Le 8 novembre 1980, à Pretoria, l'arrière avait connu sa première sélection avec les Bleus en Afrique du Sud. Dans un contexte déplorable... "Derrière les poteaux on m’avait lancé des oranges, donc j’avais eu la gentillesse d’en ramasser une, de l’éplucher et de la manger, se rappelle-t-il avec ironie. Ça m’avait fait du bien. C’était une forme de défi, sans vraiment combattre ces gens-là."
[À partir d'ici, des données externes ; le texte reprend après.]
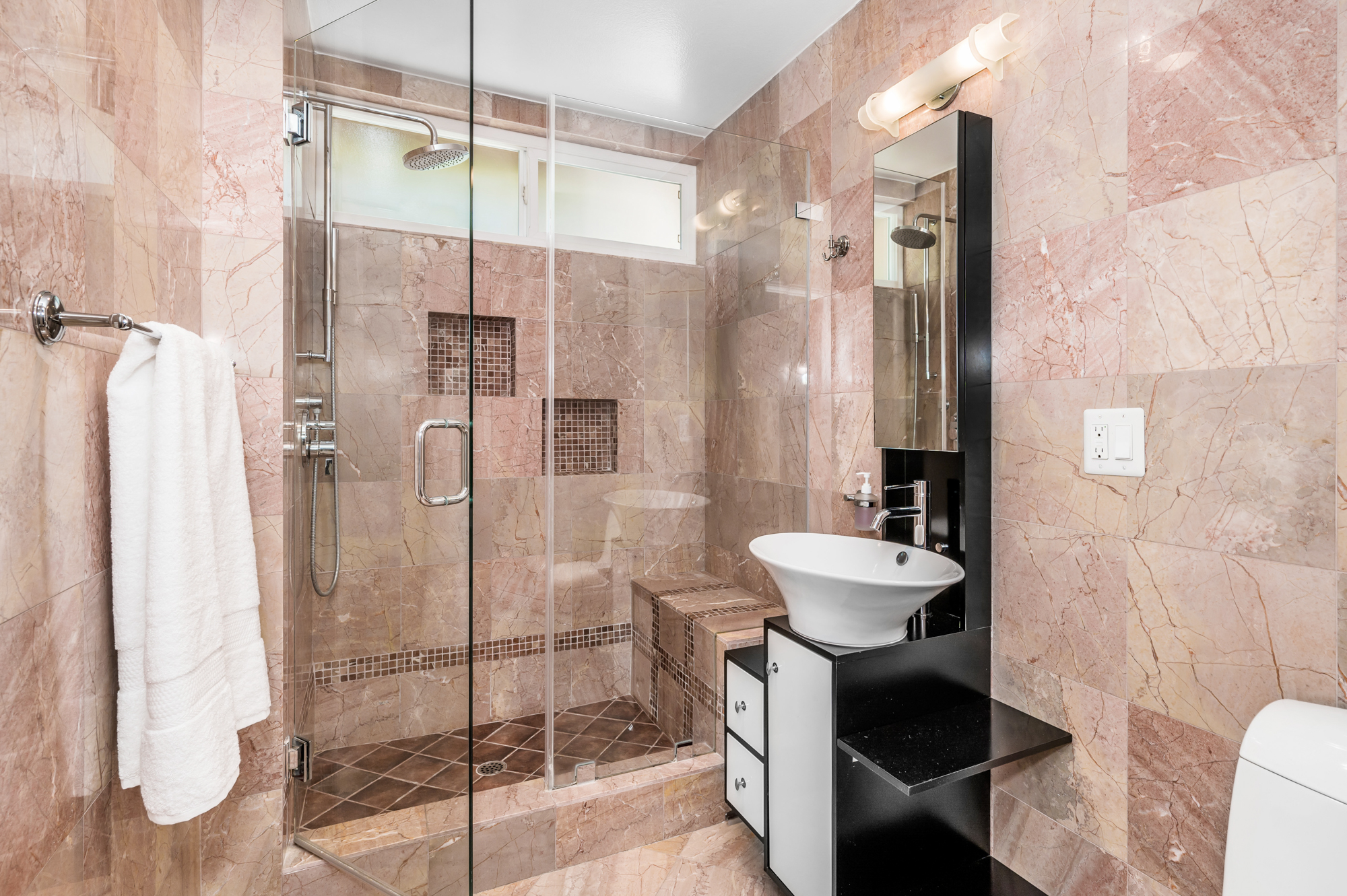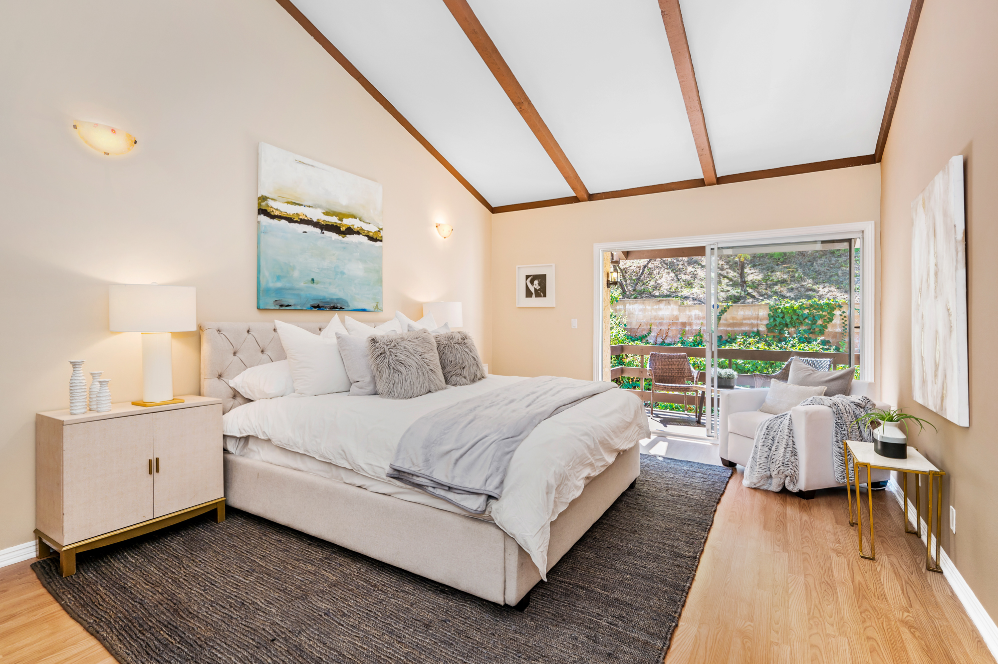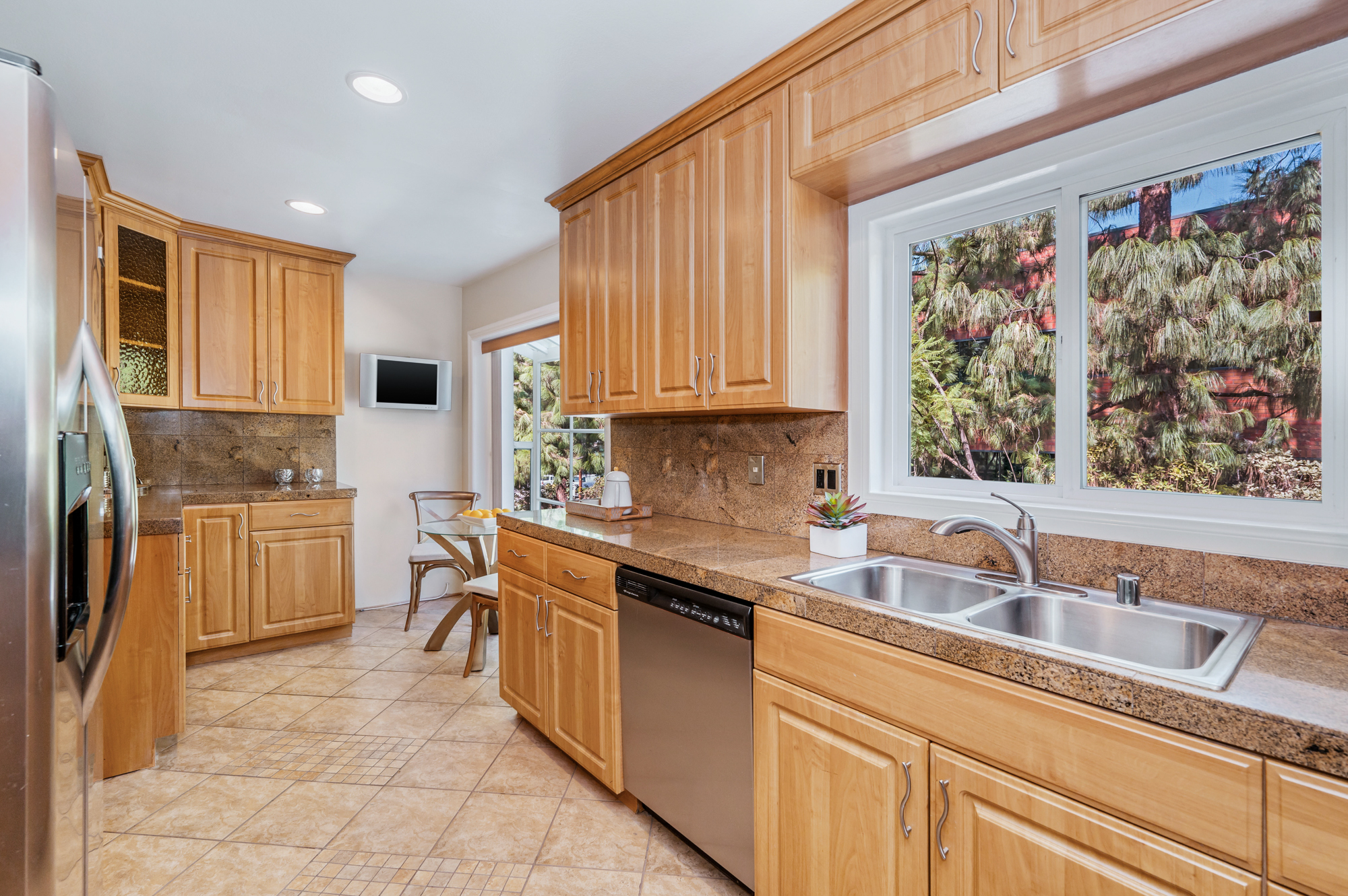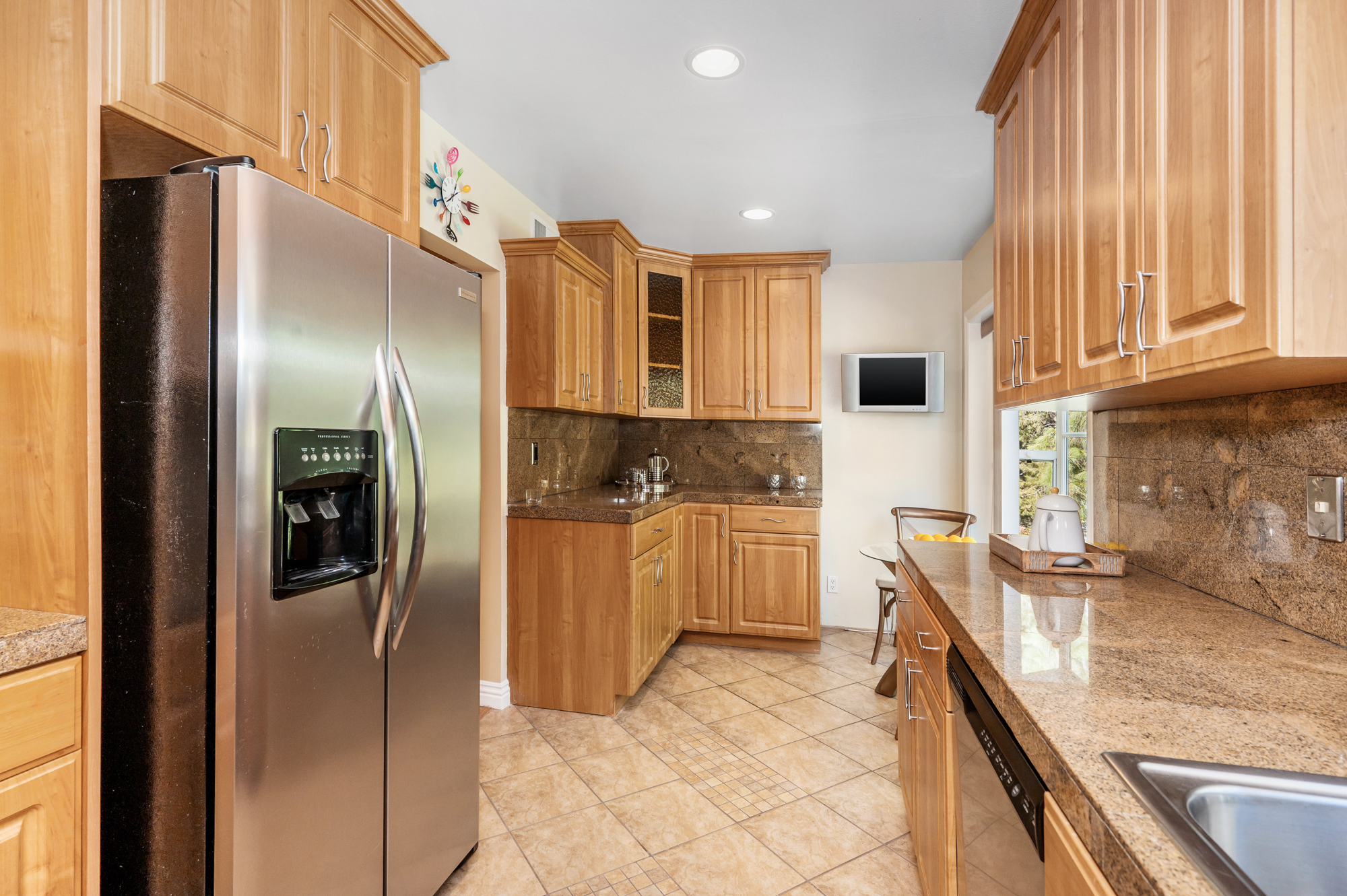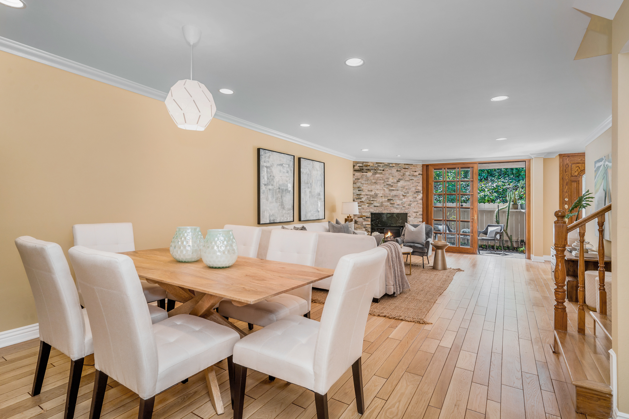 Located South of the Blvd in Prime Encino is this updated 2 bed, 3 bath secluded and serene end unit townhome in the coveted Encino Charter School District. A private entrance and custom wood door greet you as you approach the home. Inside, you will find a great room w/ hardwood floors which seamlessly blend the living & dining spaces. A mahogany & granite fireplace highlights the room while sliding glass french doors flood the space w/ natural light and lead to a private patio. The remodeled kitchen features custom tile floors, granite tile countertops, stainless steel appliances, an abundance of cabinetry, and cozy breakfast nook w/ bay window, perfect for a morning cup of coffee or bite to eat. Upstairs are 2 large ensuite bedrooms. The luxurious master suite has vaulted ceilings, 2 walk in closets + additional closet, large vanity area, & updated modern bath w/ custom tile work. The suite’s tranquil patio overlooks the lush hillside greenery, a perk not afforded to many similar homes. As a rare benefit there is a bonus room on the lower level which houses the washer/dryer and also has plenty of space for a home gym, art studio, playroom, or more. Additional features include recessed lighting throughout, attached 2 car garage + guest parking, multiple storage spaces including an attic, EQ insurance, skylights, crown moulding, & more! Moments from multiple parks, lakes, & the Balboa Park Golf Course, and just steps to Equinox gym and the shops & restaurants of Ventura Blvd!

Mais les spectateurs n'étaient pas les seuls fautifs. "J’avais joué contre un garçon qui s’appelait Errol Tobias, poursuit Blanco. Et Errol Tobias, qui était le premier véritable Noir à avoir joué pour l’Afrique du Sud, était peut-être un petit peu plus raciste que tous les Blancs réunis… Lui s’était permis ce jour-là de me cracher dessus."

Réconciliation en 1993

Quatre décennies plus tard, l'ancien président du Biarritz Olympique ne garde toutefois pas de rancune. "Je dois dire qu’avec tous les garçons que j’avais pu rencontrer à l’époque, nous avons aujourd’hui des relations exceptionnelles, assure-t-il. Le rugby a permis cette intégration, et d’ailleurs Nelson Mandela s’en est bien rendu compte quand il a pris sa présidence, en allant vers le sport des Blancs pour unifier, au moins sur un événement, toute l’Afrique du Sud."
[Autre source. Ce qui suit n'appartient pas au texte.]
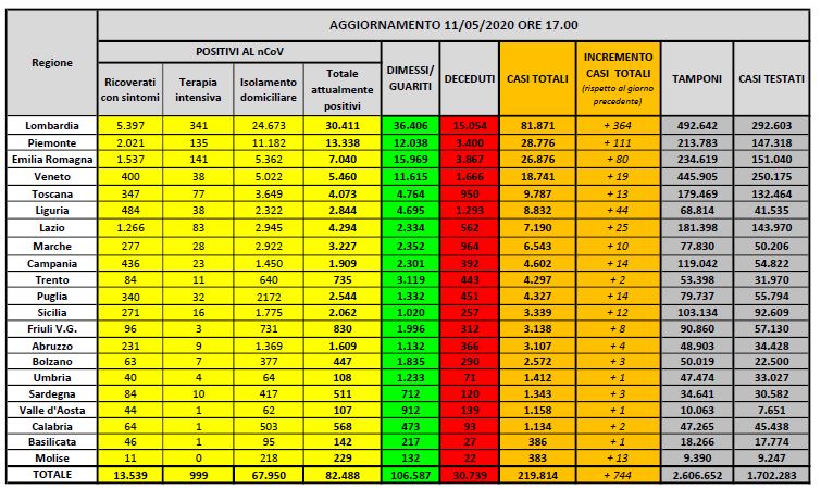 In particolare, nell’ambito del monitoraggio sanitario relativo alla diffusione del Coronavirus sul nostro territorio, a oggi, 11 maggio, il totale delle persone che hanno contratto il virus è 219.814, con un incremento rispetto a ieri di 744 nuovi casi. Il numero totale di attualmente positivi è di 82.488, con una decrescita di 836 assistiti rispetto a ieri.
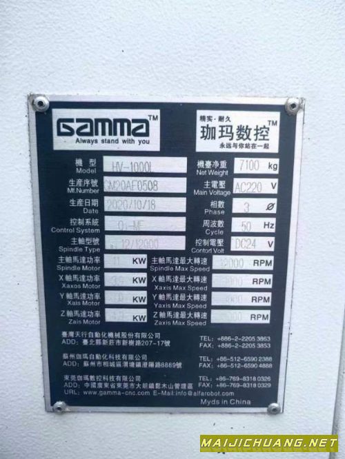 湾台珈H玛V1000L重型加工中心三轴柱滚导轨.发那科0i-MFlpus系统阿法尔电机驱动.带台湾200轴四转台台湾罗翌TB40主轴直连12000转带冷油机.24把机械手刀库.带旋螺排削机 信息编号:S527036 |
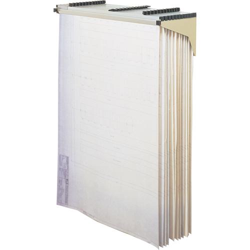Hanging clamps simply drop in and out of rack for easy, economical filing

S'il n'a plus jamais rejoué en Afrique du Sud avec les Bleus après ce fameux match de 1980, Blanco y était d'ailleurs retourné en 1993 à l'invitation de Morné du Plessis. "J’avais pu aller dans les townships, aller dans les milieux défavorisés pour parler de rugby, et tous les Springboks de mon époque sont venus, retient l'ex-international. Ça a été un tournant. J’ai vu une population noire et métisse fière, qui se sentait réhabilitée par rapport à tout ce qu’il s’est passé."